Introduction :-
The injuries and damage are in the first place caused by the shock-wave of the explosion itself. People are blown over or knocked down and buried under collapsed buildings or injured by flying glass. Although the effects of over-pressure can directly result in deaths, this would be likely to involve only those working in the direct vicinity of the explosion.The history of industrial explosions shows that the indirect effects of collapsing buildings, flying glass and debris cause far more loss of life and severe injuries.

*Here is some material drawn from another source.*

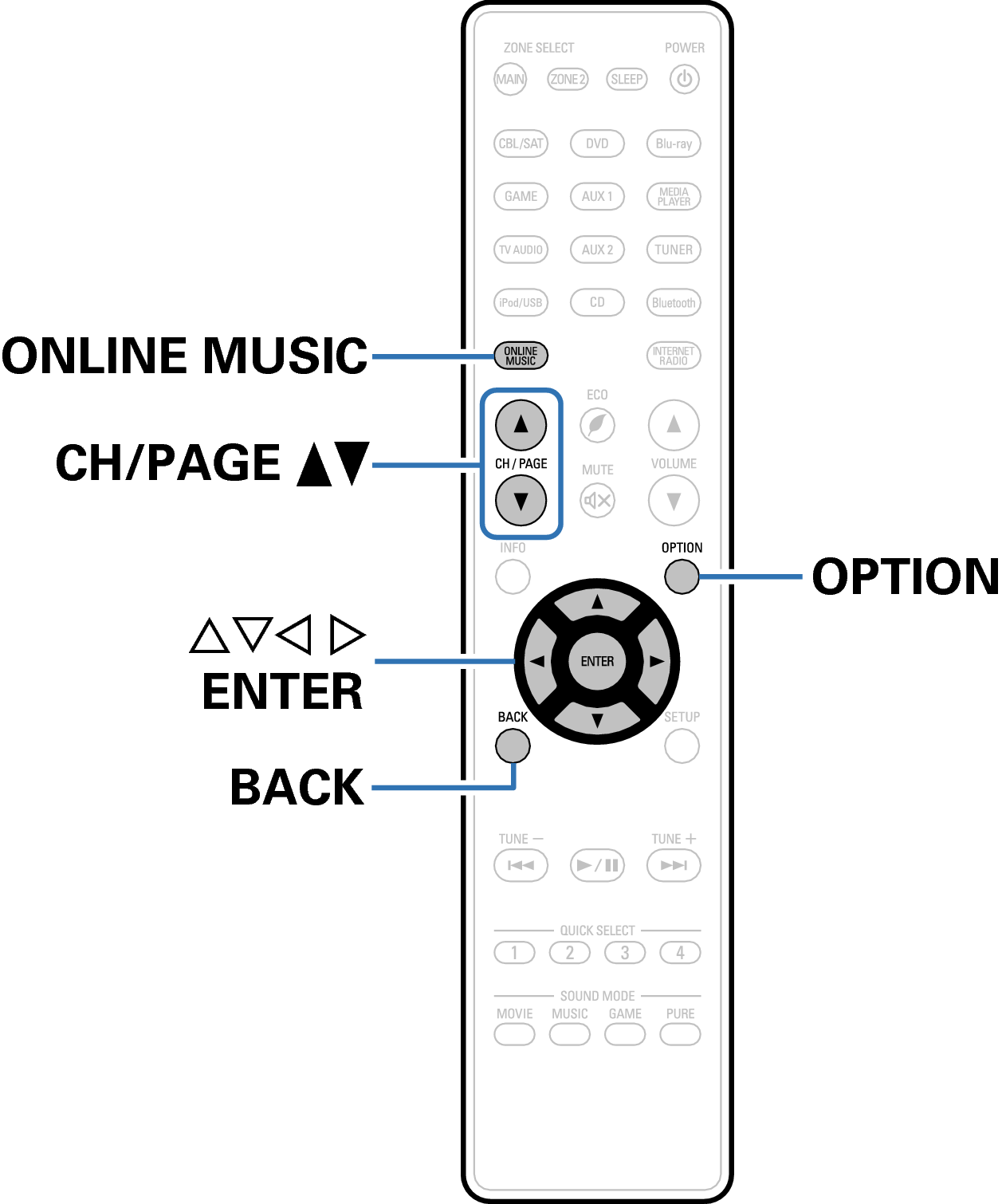 Botones en el mando a distancia utilizados para esta operación

The effects of the shock-wave vary depending on the characteristics of the material, the quantity involved and the degree of confinement of the vapour cloud. The peak pressure in an explosion therefore vary between a slight over-pressure and a few hundred kilopascals (kPa). Direct injury to people occurs at pressure of 5-10 kPa (with loss of life generally occurring at a greater over-pressure), whereas dwellings are demolished and windows and doors broken at pressure of as low as 3-10 kPa.
The pressure of the shock-wave decreases rapidly with the increase in distance from the source of the explosion. As an example, the explosion of a tank containing 50 tonnes of propane results in a pressure of 14 kPa at 250 metres and a pressure of 5 kPa at 500 metres from the tank.
•When an explosive was first used?
It may never be known with certainty who invented the first explosive, black powder, which is a mixture of saltpetre (potassium nitrate), sulfur, and charcoal (carbon). The consensus is that it originated in China in the 10th century, but that its use there was almost exclusively in fireworks and signals.
•How Explosions Happen?
An explosion occurs when a large amount of energy is released into a small volume of area in a very short time. The energy released comes in many forms, including chemical (artificial explosives), nuclear and hydrothermal ( volcano eruptions ).
Burning very rapidly, explosive material releases concentrated gas that expands quickly to fill the surrounding air space and apply pressure to everything in it. That is, it explodes in a blast powerful enough to blow away nearby trees, cars, buildings and anything else in its path.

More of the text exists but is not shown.